Bug 47121 - UEFI boot panics on a new Samsung Series 9 laptop throwing a machine check exception
Summary: UEFI boot panics on a new Samsung Series 9 laptop throwing a machine check ex...
Status: RESOLVED CODE_FIX
Alias: None
Product: Platform Specific/Hardware
Classification: Unclassified
Component: x86-64 (show other bugs)
Hardware: All Linux
: P1 normal
Assignee: platform_x86_64@kernel-bugs.osdl.org
URL:
Keywords:
: 49161 (view as bug list)
Depends on:
Blocks:
 
Reported: 2012-09-06 13:14 UTC by Alessandro Crismani
Modified: 2021-10-15 17:59 UTC (History)
18 users (show)

See Also:
Kernel Version: 3.5.3 and 3.6'rc4
Subsystem:
Regression: No
Bisected commit-id:


Attachments
Picture of the machine check exception error thrown at boot (303.02 KB, image/jpeg)
2012-09-06 13:14 UTC, Alessandro Crismani
Details
Higher quality picture capturing the panic (564.90 KB, image/jpeg)
2012-09-06 17:52 UTC, Alessandro Crismani
Details
dmesg log when booting using the kernel efi stub (3.6-rc4) (55.95 KB, text/x-log)
2012-09-10 19:11 UTC, Alessandro Crismani
Details
Dmesg output when booting using the UEFI enabled grub of Ubuntu 12.04.1 (57.90 KB, text/x-log)
2012-09-12 06:37 UTC, Alessandro Crismani
Details

Description Alessandro Crismani 2012-09-06 13:14:59 UTC
Created attachment 79361 [details]
Picture of the machine check exception error thrown at boot

Hi everybody,

I am trying to boot my new Samsung Series 9 NP900X4C laptop using the kernel EFI stub. The laptop supports UEFI.

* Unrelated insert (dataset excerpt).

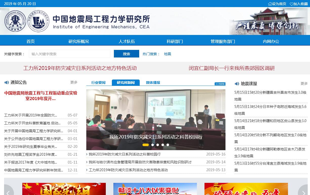 中国地震局工程力学研究所(简称工力所)筹建于1952年,正式成立于1954年,最初定名为中国科学院土木建筑研究所,是国内唯一以地震工程和防灾减灾为主要研究领域的国家公益性科研机构。建所以来,工力所服务国家战略需求和经济社会发展,始终围绕现代化建设需要开展科学研究,主攻研究领域逐步调整。1954年-1962年,为中国科学院土木建筑研究所,主要从事建筑材料、土壤力学、工程结构和建筑设计等方面的研究,同时开展钢筋混凝土和预应力钢筋混凝土、地震工程、结构安全度和黄土工程性质等研究方向的探索。1962年-1970年,更名为中国科学院工程力学研究所后,主要研究领域调整为地震工程、核反应堆结构力学、土壤力学、冲击与振动和特殊混凝土材料及其动力性能的研究。1970年-1984年,受国家地震局和中国科学院的双重领导。1984年4月,改由国家地震局领导,所名随之改为国家地震局工程力学研究所。主要研究领域调整为地震工程和防灾减灾,主要开展强震动观测、工程地震、结构工程、生命线工程、岩土工程、城市防灾减灾等方面的研究。1998年4月,随着国家地震局更名为中国地震局,所名改为中国地震局工程力学研究所。中国地震工程学奠基人、中国科学院学部委员刘恢先教授担任首任所长,胡聿贤、谢君斐、谢礼立、冯启民、齐霄斋、王自法先后担任所长。现任名誉所长谢礼立院士,所长孙柏涛研究员。工力所现设有强震动观测、工程地震、结构工程、生命线工程、城市与工程综合防灾、岩土工程、振动测量仪器等七个研究室和恢先地震工程综合实验室。设有所务办公室、科技发展部、人才资源部、计划财务部、党群工作办公室、纪检监察审计室、离退休工作办公室、北京园区办公室等八个管理部门,以及后勤管理中心、科技杂志社、图书资料与网络中心、试验厂等科研辅助部门。工力所是中国地震局地震灾害评估、房屋建筑安全鉴定、地震预警与烈度速报以及强震动观测的技术牵头单位,国家强震动台网中心建在工力所北京园区(燕郊)。工力所还建有中国地震局地震工程与工程振动重点实验室、黑龙江省灾害预警与工程防御重点实验室、黑龙江省防震减灾工程技术研究中心,拥有地震模拟振动台阵、伪动力试验设施、超级计算机系统、土工离心机振动台、超低频振动计量标准装置、动三轴和共振柱土动力试验装置、多功能静力触探车等大型试验设备,并且是国际先进、国内领先的地震工程综合试验系统。工力所是国家首批硕士、博士学位授权单位,现有土木工程一级学科博士学位授权点和土木工程、仪器科学与技术、力学等3个一级学科硕士学位授权点,设有土木工程博士后科研流动站。现有专兼职博士生导师40余人、硕士生导师60余人,每年招收硕士研究生近70人、博士研究生20余人、博士后若干。工力所近年来承担完成了一大批国家级科研项目(如我国土木工程领域第一个国家973计划项目《城市工程的地震破坏与控制》),组织参加了国内主要破坏性地震的工程震害调查(如汶川、玉树、芦山、鲁甸地震等)。1985年以来,共获国家级科技奖励20项、省部级科技奖励170余项。工力所组织编写了我国第一部抗震设计规范(草稿),主持编写了《核电厂抗震设计规范》、《建筑工程抗震性态设计通则》(试用)、《中国地震烈度表(1980)》等20余部国家技术标准及行业和地方标准,参与编写了《建筑抗震设计规范》等近40部国家技术标准,出版了《唐山大地震震害》、《地震工程研究报告集》、《刘恢先地震工程学论文选集》、《地震工程学》等数十部学术专著,编辑出版《地震工程与工程振动》、《自然灾害学报》、《世界地震工程》等三本中文核心期刊以及《Earthquake Engineering and Engineering Vibration》SCI和EI双检索英文期刊,为我国的地震工程研究和防震减灾事业发展做出了重要贡献。工力所是中国地震工程联合会、中国地震学会地震专业委员会和亚太地震工程研究中心联合会的秘书处挂靠单位,承办了第十四届世界地震工程大会,多年来与美国、日本、俄罗斯、欧盟、韩国等三十多个国家以及中国香港、澳门、台湾等地区进行了广泛的合作研究,享有很高的国际学术声誉。此外,工力所持有建设工程地震安全性评价甲级资质、地质灾害危险性评估甲级资质、工程勘察(岩土工程)甲级资质等,完成了《金沙江下游梯级水电站水库地震监测系统建设》、《京沪高速铁路地震动参数区划》、《故宫博物院文物减隔震防护装置研制》等项目。作为铁道部与中国地震局高速铁路地震安全技术研发组的地震系统牵头单位,工力所与铁道部门合作开展了高速铁路地震监测预警的技术研发和系统建设。

Unfortunately, most of the times, the boot process panics and throws a machine check exception (please find a picture of it enclosed to the report, the picture has horrible quality, I hope to get one with a decent camera later today). Only few times I've seen the boot process succeed.

I do not know whether the bug is in the kernel stub, or in the UEFI firmware of the laptop itself (which appears to be buggy, even though Samsung already pushed two BIOS updates), though I'd love to see if I can be of any help fixing this, given that I rather boot through UEFI than through BIOS + syslinux.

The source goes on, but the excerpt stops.